The Difference Between Sadness and Despair

      

Saying Goodbye To A Once-Mighty Ad Brand

 

Saying Goodbye To A Once-Mighty Ad Brand

While Wall Street ended the week with the Dow clawing back above the 8000 mark, the jobless number climbed by 663,000 in March.  That trend will continue into April here in Chicago as JWT announced the closing of its local office today.  In sixty days, this 118 year old institution will shutter the doors and reallocate work to Atlanta, Toronto and New York.  If the trade press has it right, this is an office that billed over a billion dollars a year during their 70’s heyday when they boasted high profile work for Sears and the UnCola; and remember, that was three decades ago when they were privately held and industry margins were profoundly robust.  But today is far different and two months from now, fifty more people will be looking for work.

All of which is decidedly sad.  Particularly sad if you know the place well like I do.  In the end, you don’t really miss the place, but you do miss the people.

Oddly, I heard about this news after attending a lunchtime presentation by Ted “Ted from Red” Schilowitz who spoke about his revolutionary Red camera.  At under $18,000 dollars and with a resolution five times what a 1080p HD TV can broadcast, this camera signals a major change in the production world.  Already some significant movies and commercial productions have embraced it, including our own.  And this fall, when they deliver their follow up Scarlet and Epic cameras, the entry point for filmmakers will be under $4000, including a lens package.  This technology signals the democratization of film production which as Americans, we all would normally salute, but as advertising professionals we know some friends have had their lives and livelihoods thrown into uncertainty by these changes.  When I talked to Tom Duff of Optimus who sponsored the presentation about the uncertainty both this kind of technology and affordable desktop editing like Final Cut on the Mac introduces, he said ” Technology can change and effect, but the skills and talent that people have will always be the determining factor.  No matter the technology, here or at an agency or production co. or wherever, if you keep a creative climate and have the people who do what we do for the sheer fun of making the ads just for their own sake, we will be fine, and I totally agree, even better.”
God bless him.  Things will change, but in the end, the value of anything is not based on technology but on human skill.  If you are creative and can deliver the goods, you will always have the potential to shine.  And in a creative business, that’s all we can ask.
So tonight, I feel sadness for some friends.  But I don’t feel despair: in the end, talent will create value.  And jobs.  Those new jobs may not be what they have always been, but they will be jobs nonetheless.  And thus opportunities.
So here’s a thought and a good wish to all who deal with the uncertainty tonight, particularly my friends at JWT.  God bless.  It will be better again.  Don’t despair.
By Dennis Ryan, CCO, Element 79

2 thoughts on “The Difference Between Sadness and Despair

  1. Christine Osborne says:

    I read you regularly!
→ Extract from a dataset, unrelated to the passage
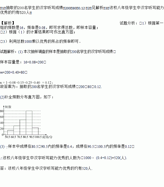 (3)若抽取的样本具有较好的代表性,且成绩超过80分为优秀,根据样本估计该校八年级学生中汉字听写能力优秀的约有多少人?

My LinkedIn home page connects to your blog. I just read this. About JWT, I have mixed feelings up the wazoo. That year after you left was the worst of my career. After I got canned, I heartily wished the whole shop would go to hell. By and by I stopped thinking about it. Then I moved on. Now this.

    Someday I’d love to read what you have to say about aging in our beloved profession. Do you know many people over 55 who are still in this business? And sorta related, what do ad people do after advertising? As a midlife transition adviser (ahem), I’m collecting stories. But I haven’t any except my own.

    Cordially,
    Christine

  2. tom says:

    “the value of anything is not based on technology but on human skill.” and the ability to have your human skill touch the human heart, funny bone and mind.

    CPM, ROI, web metrics, blogs, tweets all don’t mean a thing if they don’t connect.

    Some of the greatest talent in the world don’t know how all the technologies work they just know how it works to make their ideas really great.

    In this biz when everyone is scrambling for the next big thing sometimes we lose site of really great ideas. Technologies need solutions more than solutions need the technology.